# [Listed records]
* * * *

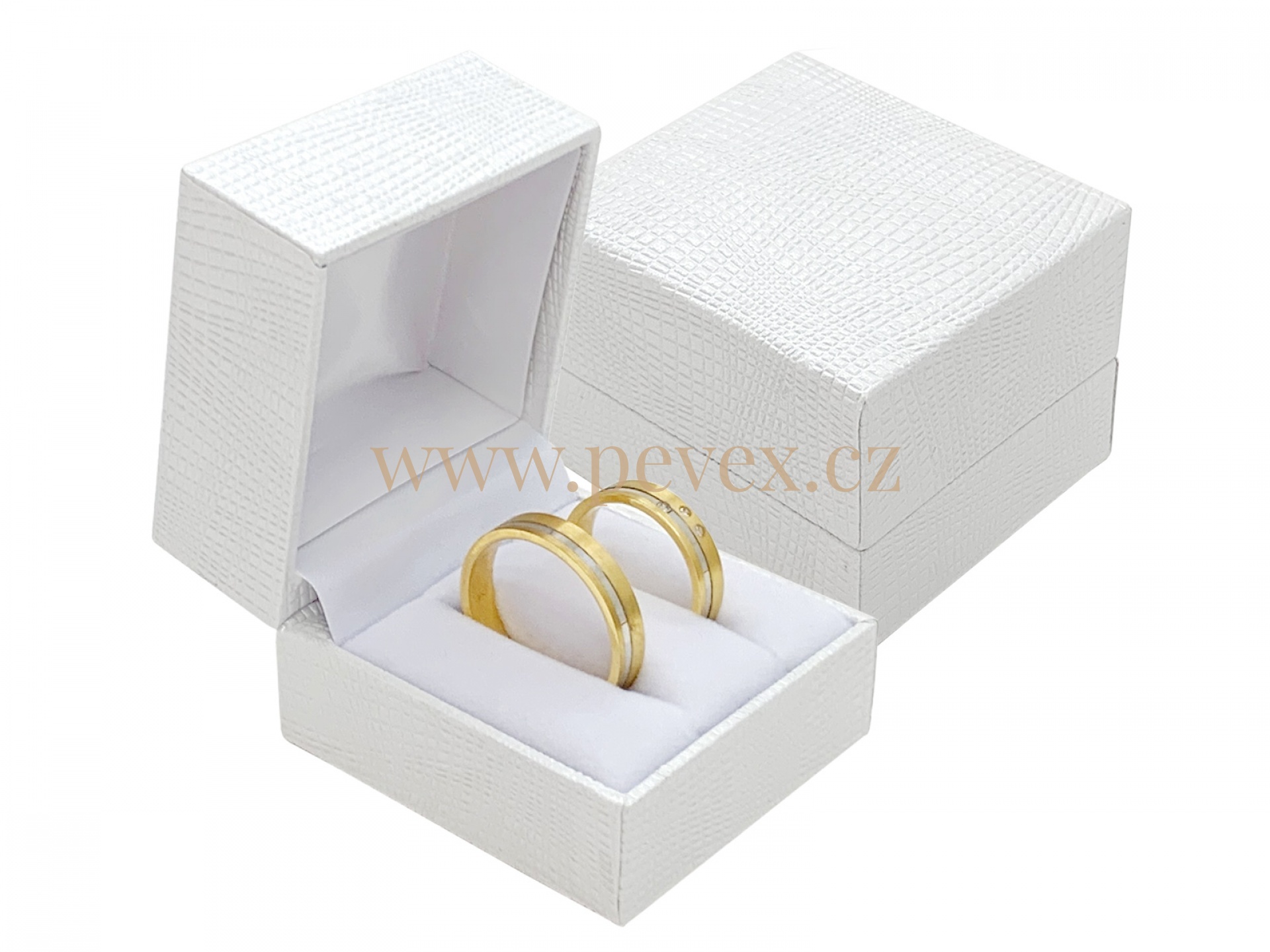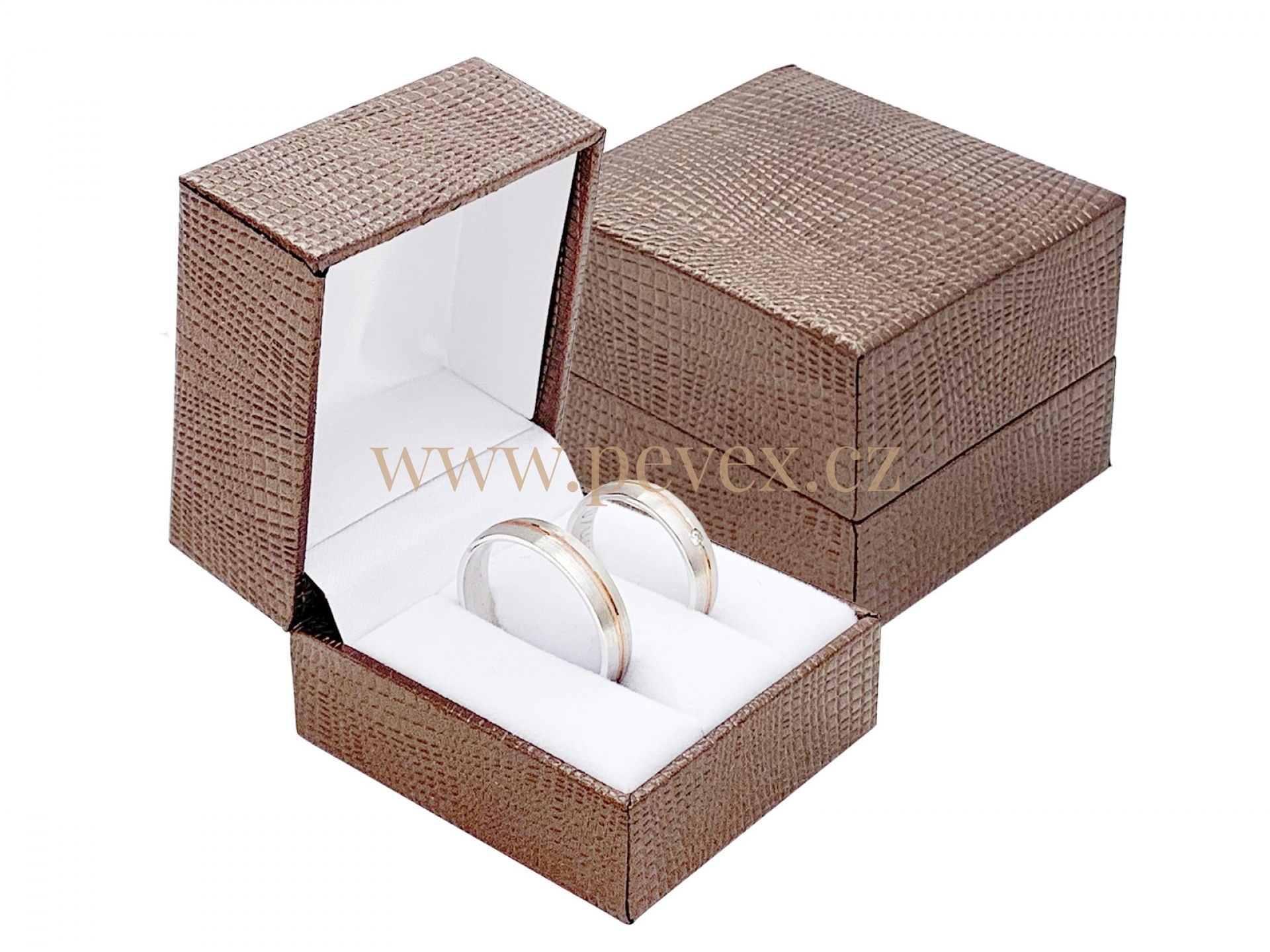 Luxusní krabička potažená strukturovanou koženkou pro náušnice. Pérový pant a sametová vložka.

* * * *

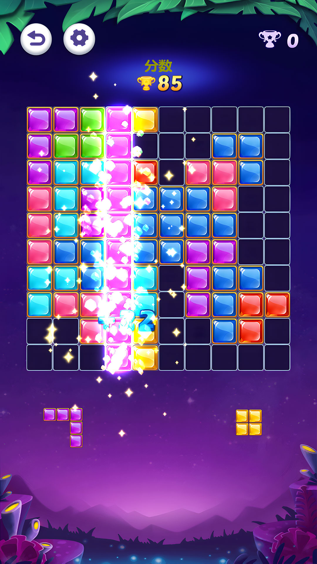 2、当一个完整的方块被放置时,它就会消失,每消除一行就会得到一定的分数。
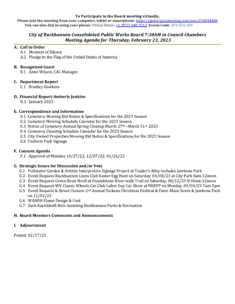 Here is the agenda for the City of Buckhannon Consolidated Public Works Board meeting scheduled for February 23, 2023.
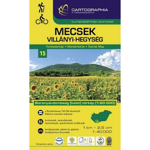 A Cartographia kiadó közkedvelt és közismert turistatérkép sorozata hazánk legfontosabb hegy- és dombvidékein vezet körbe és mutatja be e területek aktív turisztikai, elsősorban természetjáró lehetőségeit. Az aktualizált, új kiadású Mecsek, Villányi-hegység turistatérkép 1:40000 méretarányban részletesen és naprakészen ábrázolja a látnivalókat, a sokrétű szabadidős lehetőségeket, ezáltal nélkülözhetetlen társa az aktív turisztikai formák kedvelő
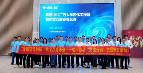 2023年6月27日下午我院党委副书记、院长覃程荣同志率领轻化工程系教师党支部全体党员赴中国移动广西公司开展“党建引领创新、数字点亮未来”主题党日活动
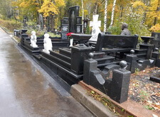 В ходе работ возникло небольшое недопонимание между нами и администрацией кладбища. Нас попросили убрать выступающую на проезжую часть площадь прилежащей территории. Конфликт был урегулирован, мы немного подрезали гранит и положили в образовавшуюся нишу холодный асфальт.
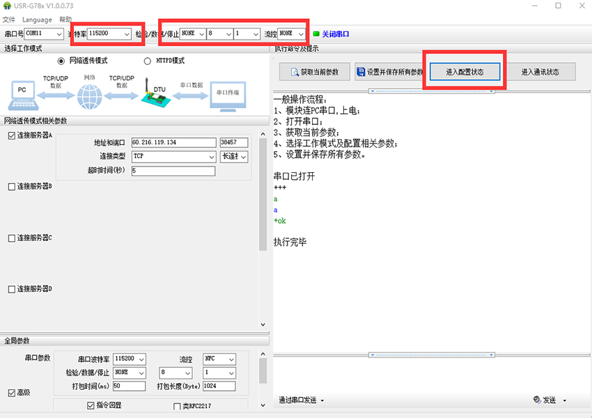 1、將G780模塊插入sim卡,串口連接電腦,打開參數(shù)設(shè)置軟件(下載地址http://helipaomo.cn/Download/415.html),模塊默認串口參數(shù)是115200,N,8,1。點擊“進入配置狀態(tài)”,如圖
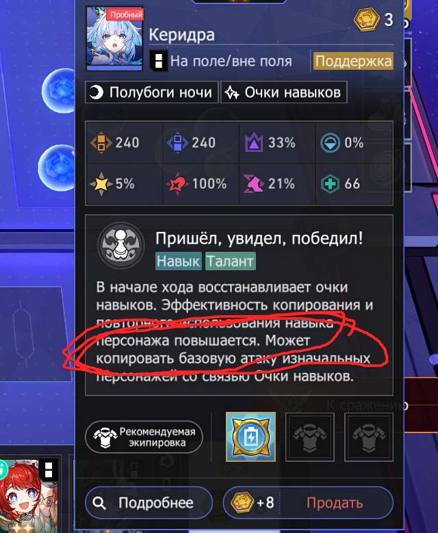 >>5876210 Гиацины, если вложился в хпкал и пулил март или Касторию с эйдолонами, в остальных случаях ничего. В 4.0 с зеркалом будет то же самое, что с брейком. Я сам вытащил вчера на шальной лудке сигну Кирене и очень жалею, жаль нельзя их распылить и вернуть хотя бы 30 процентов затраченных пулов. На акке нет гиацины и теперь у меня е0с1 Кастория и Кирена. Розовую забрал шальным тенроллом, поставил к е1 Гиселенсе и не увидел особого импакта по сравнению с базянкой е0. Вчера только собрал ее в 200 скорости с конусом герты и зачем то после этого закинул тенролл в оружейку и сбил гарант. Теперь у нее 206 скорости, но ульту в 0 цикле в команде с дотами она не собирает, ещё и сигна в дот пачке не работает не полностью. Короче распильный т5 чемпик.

* * * *

# [Task requirements]
Above, find the line holding "В ходе работ" and the line holding "распильный т5 чемпик.". Print exactly those two lines and every line between them, but no pictures.

# [Response]
 В ходе работ возникло небольшое недопонимание между нами и администрацией кладбища. Нас попросили убрать выступающую на проезжую часть площадь прилежащей территории. Конфликт был урегулирован, мы немного подрезали гранит и положили в образовавшуюся нишу холодный асфальт.
 1、將G780模塊插入sim卡,串口連接電腦,打開參數(shù)設(shè)置軟件(下載地址http://helipaomo.cn/Download/415.html),模塊默認串口參數(shù)是115200,N,8,1。點擊“進入配置狀態(tài)”,如圖
 >>5876210 Гиацины, если вложился в хпкал и пулил март или Касторию с эйдолонами, в остальных случаях ничего. В 4.0 с зеркалом будет то же самое, что с брейком. Я сам вытащил вчера на шальной лудке сигну Кирене и очень жалею, жаль нельзя их распылить и вернуть хотя бы 30 процентов затраченных пулов. На акке нет гиацины и теперь у меня е0с1 Кастория и Кирена. Розовую забрал шальным тенроллом, поставил к е1 Гиселенсе и не увидел особого импакта по сравнению с базянкой е0. Вчера только собрал ее в 200 скорости с конусом герты и зачем то после этого закинул тенролл в оружейку и сбил гарант. Теперь у нее 206 скорости, но ульту в 0 цикле в команде с дотами она не собирает, ещё и сигна в дот пачке не работает не полностью. Короче распильный т5 чемпик.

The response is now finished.